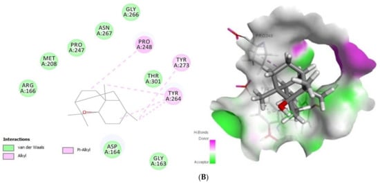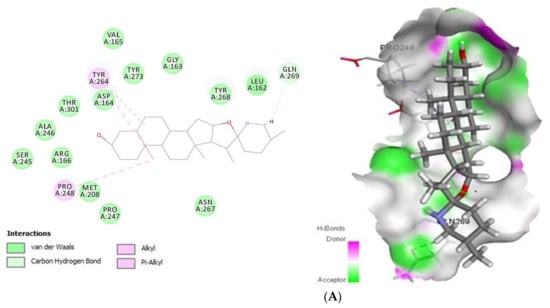 COX-2 (PDB ID: 5F1A) is one of cyclooxygenase (COX) that able to catalysis the reaction forming prostaglandins and leukotrienes, respectively, from arachidonic acid, which is pathological conditions such as inflammation, pain and fever and respiratory diseases. Tomatidine bound to COX-2 with a Gold Fitness Score of 43.64 (Figure 4) establishing the van der Waals interactions with Phe198, Thr206, Phe210, Thr212, Asn382, Tyr385, Trp387, Leu390, Leu391, Gln203, Val447 and Gln454, Pi-Sigma interactions with His214 and Pi-Alkyl interactions with His388, His386, His207, Ala199, Ala202 and His214 In contrast, patchouli alcohol binds to the same target (−27.73 kcal/mol) with the residues Tyr148, Phe210, Lys211, Thr212, Asn382, Ser451, Gln454 (van der Waals) and His207, His214, His386, His388, Val447 (Alkyl/Pi-Alkyl).
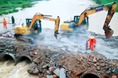 徐工挖機立即啟動應(yīng)急機制,調(diào)派周邊設(shè)備率先到達鶴壁浚縣,對衛(wèi)河進行全力封堵,以防決堤危險。次日,險情得到有效控制,而徐工挖掘機依然奮戰(zhàn)一線,繼續(xù)對沿河道路進行拓寬與修整,為后續(xù)救援提供保障。
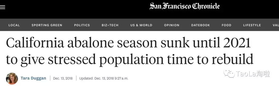 2018年,加州规定:娱乐性抓捕鲍鱼将停止,至少禁止至2021年4月。所以这两年想抓鲍鱼的小伙伴就忍忍吧!
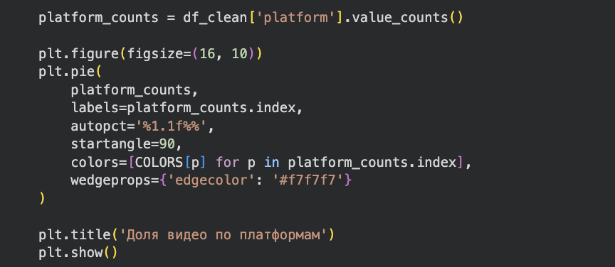 В процессе анализа были использованы следующие типы визуализации данных: круговая диаграмма — для отображения распределения видео между платформами и понимания структуры датасета, диаграмма рассеяния — для анализа связи между количеством просмотров и реакциями пользователей, столбчатая диаграмма — для сравнения среднего уровня вовлечённости аудитории и различий между платформами и категориями контента.
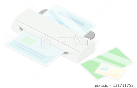 ラミネーターでラミネート加工をするイラスト
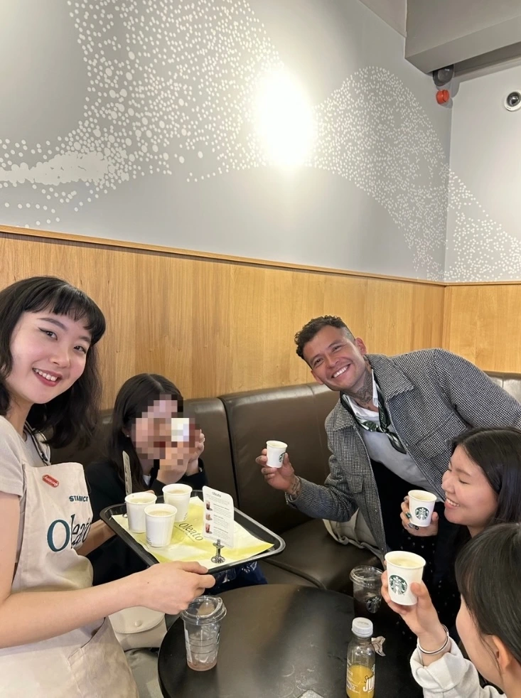 저희가 갔던 스타벅스 중에 사람이 가장 많았던 매장입니다. 런던 소호 거리 한복판에 있는 곳인데요. 차이나타운과 가까워서 유동 인구도 굉장히 많은 것 같았어요. 대도시의 위엄에 눌린 나머지, 잠시 쉬고 싶어서 카페를 찾아다니던 차였습니다. 근처 스타벅스는 모두 자리가 없어서 세 번째 시도에 겨우 앉을 곳을 찾아냈어요. 이 스타벅스에는 유난히 특별한 기억이 있는데요. 저희 주문을 받은 바리스타가 한국인이었기 때문입니다. 그리고 그녀가 샘플링을 진행할 때 찍힌 사진이 있는데요. 옆자리에 앉은 콜롬비아인이 함께 사진을 찍겠다고 했어요.
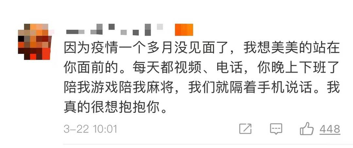 于是,他也在公众号里承诺:“也给自己定了一个规则,不允许超过两个月不见面。时间妥当、疫情允许的情况下,会义无反顾地去找你”“想我了,我就立刻飞到你身边”。
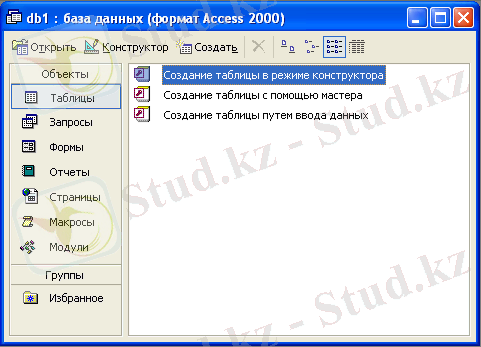 Таблицы ->Создать -> Конструктор (4- сурет) .
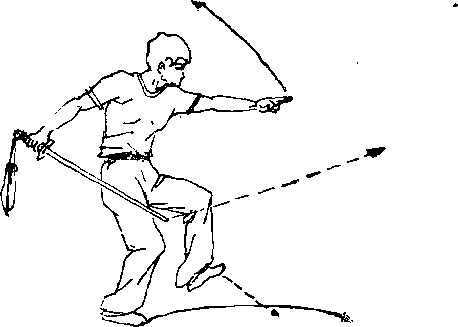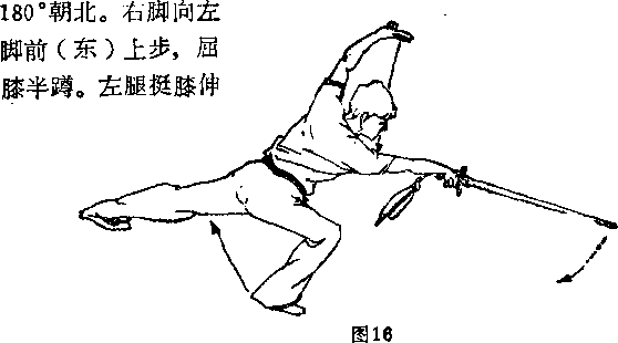 (1) 左脚向左 (东)落步,右脚离地 提起向左脚处落步?左脚立即以脚掌蹬地 向前上眺起,将位置 让于右脚。两腿屈膝。左脚略离地面,脚尖 勾起(图15)。(2) 上动不停,左脚向左前(东)落步,随之身体左转约 图15直成右弓步,在左脚落步的同时,左剑指朝头顶上方屈肘架起, 手心朝前上,手指向右I右手握剑向前(东)刺出,手心朝体 前,剑尖高与眼平。眼视剑尖(图16 )。要点:眺步要远,重心起伏不要太大。眼必须始终注视刺 剑方向9做弓步架刺时,上下须协调一致。
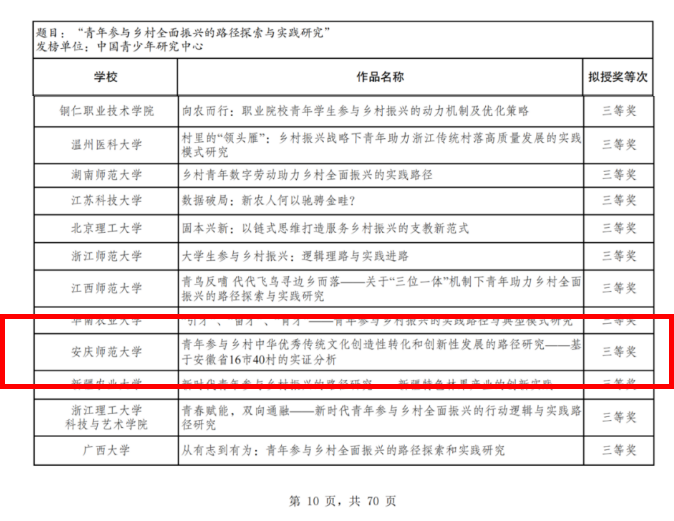 近日,由共青团中央、中国科协、教育部、中国社科院、全国学联联合主办的第十九届“挑战杯”全国大学生课外学术科技作品竞赛2024年度“揭榜挂帅”专项赛终审决赛落下帷幕,beat365官网《青年参与乡村中华优秀传统文化创造性转化和创新性发展的路径研究——基于安徽省16市40村的实证分析》《如何消除“脆皮大学生”——基于对大学生身心健康问题的探索研究》2项作品荣获全国三等奖。

==========

**PROBLEM TO WORK ON:**
Would you return all of the entries unchanged while omitting the images?

**EXERCISE RESPONSE:**
 COX-2 (PDB ID: 5F1A) is one of cyclooxygenase (COX) that able to catalysis the reaction forming prostaglandins and leukotrienes, respectively, from arachidonic acid, which is pathological conditions such as inflammation, pain and fever and respiratory diseases. Tomatidine bound to COX-2 with a Gold Fitness Score of 43.64 (Figure 4) establishing the van der Waals interactions with Phe198, Thr206, Phe210, Thr212, Asn382, Tyr385, Trp387, Leu390, Leu391, Gln203, Val447 and Gln454, Pi-Sigma interactions with His214 and Pi-Alkyl interactions with His388, His386, His207, Ala199, Ala202 and His214 In contrast, patchouli alcohol binds to the same target (−27.73 kcal/mol) with the residues Tyr148, Phe210, Lys211, Thr212, Asn382, Ser451, Gln454 (van der Waals) and His207, His214, His386, His388, Val447 (Alkyl/Pi-Alkyl).
 徐工挖機立即啟動應(yīng)急機制,調(diào)派周邊設(shè)備率先到達鶴壁浚縣,對衛(wèi)河進行全力封堵,以防決堤危險。次日,險情得到有效控制,而徐工挖掘機依然奮戰(zhàn)一線,繼續(xù)對沿河道路進行拓寬與修整,為后續(xù)救援提供保障。
 2018年,加州规定:娱乐性抓捕鲍鱼将停止,至少禁止至2021年4月。所以这两年想抓鲍鱼的小伙伴就忍忍吧!
 В процессе анализа были использованы следующие типы визуализации данных: круговая диаграмма — для отображения распределения видео между платформами и понимания структуры датасета, диаграмма рассеяния — для анализа связи между количеством просмотров и реакциями пользователей, столбчатая диаграмма — для сравнения среднего уровня вовлечённости аудитории и различий между платформами и категориями контента.
 ラミネーターでラミネート加工をするイラスト
 저희가 갔던 스타벅스 중에 사람이 가장 많았던 매장입니다. 런던 소호 거리 한복판에 있는 곳인데요. 차이나타운과 가까워서 유동 인구도 굉장히 많은 것 같았어요. 대도시의 위엄에 눌린 나머지, 잠시 쉬고 싶어서 카페를 찾아다니던 차였습니다. 근처 스타벅스는 모두 자리가 없어서 세 번째 시도에 겨우 앉을 곳을 찾아냈어요. 이 스타벅스에는 유난히 특별한 기억이 있는데요. 저희 주문을 받은 바리스타가 한국인이었기 때문입니다. 그리고 그녀가 샘플링을 진행할 때 찍힌 사진이 있는데요. 옆자리에 앉은 콜롬비아인이 함께 사진을 찍겠다고 했어요.
 于是,他也在公众号里承诺:“也给自己定了一个规则,不允许超过两个月不见面。时间妥当、疫情允许的情况下,会义无反顾地去找你”“想我了,我就立刻飞到你身边”。
 Таблицы ->Создать -> Конструктор (4- сурет) .
 (1) 左脚向左 (东)落步,右脚离地 提起向左脚处落步?左脚立即以脚掌蹬地 向前上眺起,将位置 让于右脚。两腿屈膝。左脚略离地面,脚尖 勾起(图15)。(2) 上动不停,左脚向左前(东)落步,随之身体左转约 图15直成右弓步,在左脚落步的同时,左剑指朝头顶上方屈肘架起, 手心朝前上,手指向右I右手握剑向前(东)刺出,手心朝体 前,剑尖高与眼平。眼视剑尖(图16 )。要点:眺步要远,重心起伏不要太大。眼必须始终注视刺 剑方向9做弓步架刺时,上下须协调一致。
 近日,由共青团中央、中国科协、教育部、中国社科院、全国学联联合主办的第十九届“挑战杯”全国大学生课外学术科技作品竞赛2024年度“揭榜挂帅”专项赛终审决赛落下帷幕,beat365官网《青年参与乡村中华优秀传统文化创造性转化和创新性发展的路径研究——基于安徽省16市40村的实证分析》《如何消除“脆皮大学生”——基于对大学生身心健康问题的探索研究》2项作品荣获全国三等奖。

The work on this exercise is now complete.